HANNITY: ... who's the organizer of Artists United to Win Without War, a group that recently released a letter expressing their opposition to a preemptive strike against Iraq. Let me just read more of what Sheryl Crow said last night. She said, "I think war is based on greed. And there's huge karmic retributions that will follow. I think war is never the answer to solving problems. The best way to solve problems is not to have enemies." Mike Farrell, Nazi Germany, imperial Japan, Hitler, Tojo, Mussolini, Pol Pot? We're supposed to be friends and to be engaged in an act of war against them is wrong?
FARRELL: Oh, come on, you know...
HANNITY: That's what she said.
FARRELL: Sheryl Crow -- well fine, she expressed her opinion. And she certainly deserves to be able to express her opinion. I think that the ideas that she expressed or the ideals she expressed are something we all ought to be working toward.
HANNITY: I agree with that, but you know some -- there are certain evils. Somebody breaks into your house, Mike Farrell, I'm going to guess...
FARRELL: Yes, I have no argument.
HANNITY: No argument.
FARRELL: I don't -- I'm not against self-defense. I'm against pre- emptive strikes. I'm against the kind of arrogance that we're seeing demonstrated here by the United States government.
HANNITY: This isn't about a preemptive strike. This is -- in Iraq, we're not preemptive. This is the continuation of war...
FARRELL: We are threatening.
HANNITY: We were at war with Iraq. And he did not abide by the cease-fire agreement. He's been given more than an ample opportunity, 11- plus years.

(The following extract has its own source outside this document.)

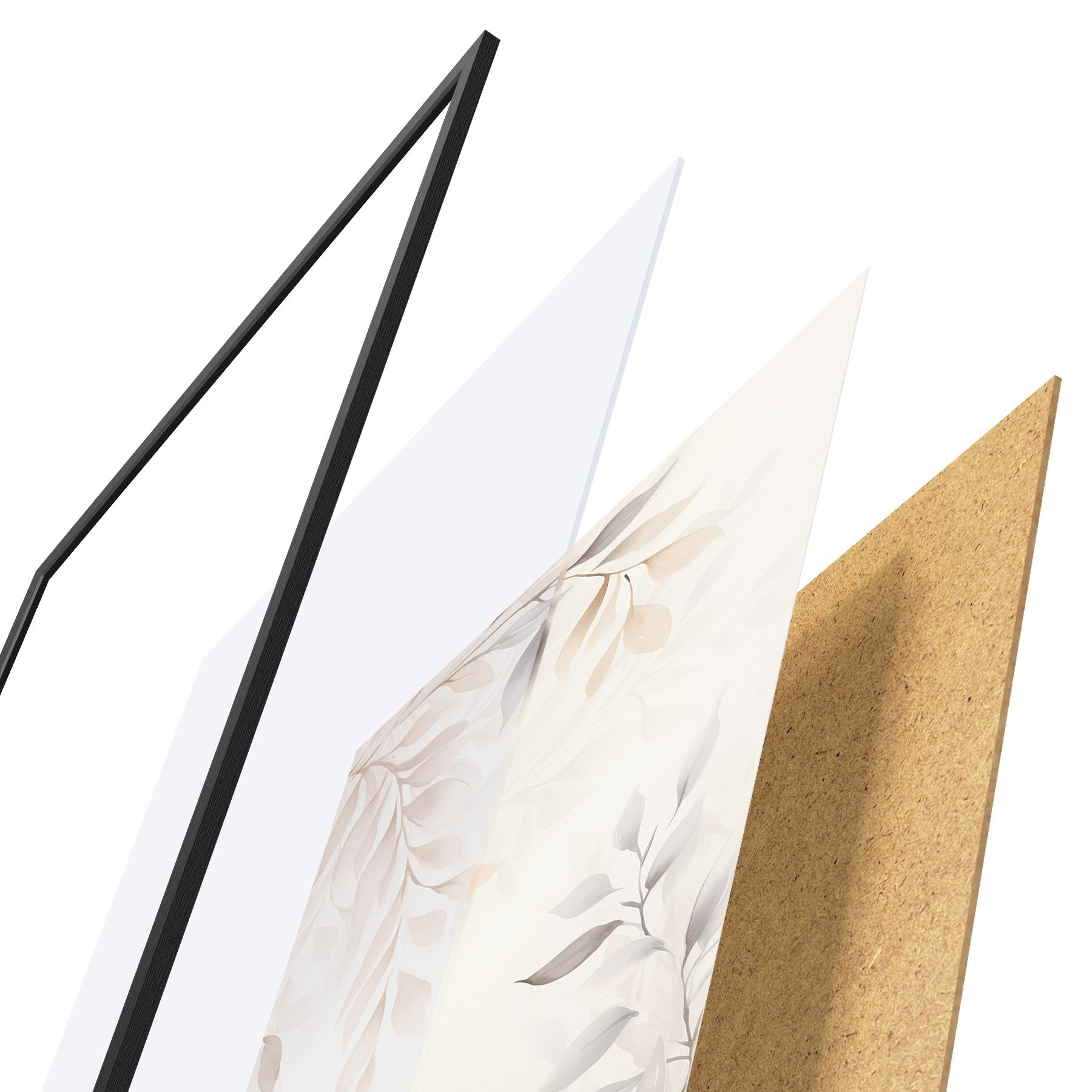 Постер складається з рами, оргскла, надрукованого зображення та підкладки з ДСП. Завдяки кріпленням на звороті плакат можна одразу ж повісити на стіну.

FARRELL: Eleven plus years to do what?
HANNITY: To abide by the cease-fire agreement and the U.N. sanctions and the U.N. resolutions.

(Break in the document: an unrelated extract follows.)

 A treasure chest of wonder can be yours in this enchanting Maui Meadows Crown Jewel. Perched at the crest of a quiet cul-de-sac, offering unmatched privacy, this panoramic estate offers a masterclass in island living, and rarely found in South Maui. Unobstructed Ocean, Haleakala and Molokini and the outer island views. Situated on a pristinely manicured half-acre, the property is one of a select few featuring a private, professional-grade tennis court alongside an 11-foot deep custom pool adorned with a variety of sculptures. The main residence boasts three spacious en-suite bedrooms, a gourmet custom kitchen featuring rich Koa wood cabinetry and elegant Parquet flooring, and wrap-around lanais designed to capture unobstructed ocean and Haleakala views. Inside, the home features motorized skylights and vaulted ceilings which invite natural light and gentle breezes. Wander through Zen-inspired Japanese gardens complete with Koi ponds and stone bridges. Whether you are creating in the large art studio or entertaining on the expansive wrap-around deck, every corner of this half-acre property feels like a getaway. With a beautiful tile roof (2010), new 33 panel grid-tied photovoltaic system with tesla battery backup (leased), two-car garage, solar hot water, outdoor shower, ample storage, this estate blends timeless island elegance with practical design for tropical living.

FARRELL: And you're suggesting that we have been at war all this time?
HANNITY: I am suggesting that we should have been. We should have enforced...
FARRELL: Aha.
HANNITY: We should have enforced -- and Clinton did when he needed to distract from Monica Lewinsky -- but we should have enforced the cease-fire agreement. And we should have enforced the U.N. resolutions. And Bush gave him another opportunity. And he's lying to the world because we all know he has the weapons of mass destruction he denies he has.
FARRELL: Well, forgive me, we don't all know that. The inspectors who are on the ground there don't know that. The -- there is no evidence that has been demonstrated that shows that they have those weapons.

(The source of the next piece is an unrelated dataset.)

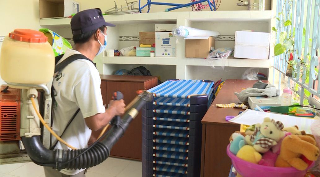 Phun hóa chất diệt muỗi và côn trùng ở lớp học mẫu giáo.

HANNITY: No, I interviewed Bill Tierny (ph). He was there in August of '98. U.N. inspector, I interviewed him on my radio show today.
FARRELL: Right, right.
HANNITY: He said it is undeniable. He saw these weapons with his own eyes. And they weren't chronicled in the...
FARRELL: Does that mean that Hans Blix is being somehow gulled by the leadership of Iraq today?
HANNITY: The same Hans Blix who when he was head of the IAEA, gave Saddam a clean bill of health for the entire time. And then when we found out when we got in there during the Persian Gulf he was wrong on every account.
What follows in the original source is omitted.